Saturday, November 9, 2013

Henry A Wallace: Practical Mystic

"Wallace is among the most genuinely learned men in American public life since Benjamin Franklin and Thomas Jefferson." Paul Sifton, Library of Congress historian 

 

Henry A. Wallace, FDR’s first Vice-President and later presidential candidate for the Progressive Party, though a devout Christian (he was raised Presbyterian and in 1939 joined the Episcopal Church) also had complex views on religion. Around 1919, Wallace left the Presbyterian Church and began exploring various esoteric systems. He once said, "I know I am often called a mystic, and in the years following my leaving the United Presbyterian Church I was probably a practical mystic ... I'd say I was a mystic in the sense that George Washington Carver was – who believed God was in everything and therefore, if you went to God, you could find the answers." While not a Theosophist, he was influenced by theosophical ideas. In 1925, he helped organize a Des Moines parish of the Liberal Catholic Church, an inclusive Christian denomination with ties to theosophy. He was also friends with the Theosophist poet and artist George William Russell.
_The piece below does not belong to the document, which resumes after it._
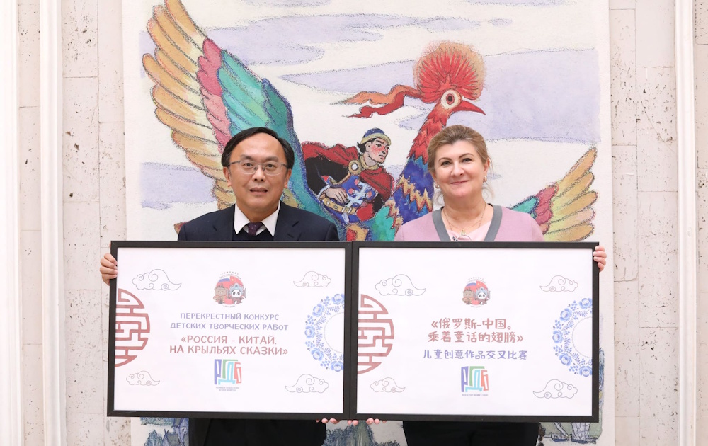 Состоялось открытие выставки по итогам прошедшего в рамках Годов культуры России и Китая Международного перекрестного конкурса «Россия – Китай. На крыльях сказки». Гостей поприветствовали Анжела Лебедева, первый заместитель директора РГДБ, и Тянь Цинцюань, директор Детской библиотеки г. Уханя, КНР. Тянь Цинцюань отметил успех Конкурса и его популярность среди китайских участников, а также выразил надежду на дальнейшее сотрудничество библиотек. В рамках Конкурса в Детской библиотеке г. Уханя прошел цикл мероприятий, посвященных русским народным сказкам, получивших большой отклик от посетителей.

It was Wallace, a Freemason, who encouraged FDR to have both sides of the Great Seal placed on the One-Dollar bill.

Through the encouragement of Wallace, the FDR administration sent an exhibition to Mongolia to search for the mythical city of Shambhala. However, it’s believed that President Franklin Roosevelt thought the exhibition was for botanical reasons. ’s administration was pregnant with Occultists and members of Secret Societies. Unfortunately, during the election of 1948, the press used his involvement in the Shambhala exhibition and his reputation as being interested in esoteric studies to smear his name and to derail his campaign.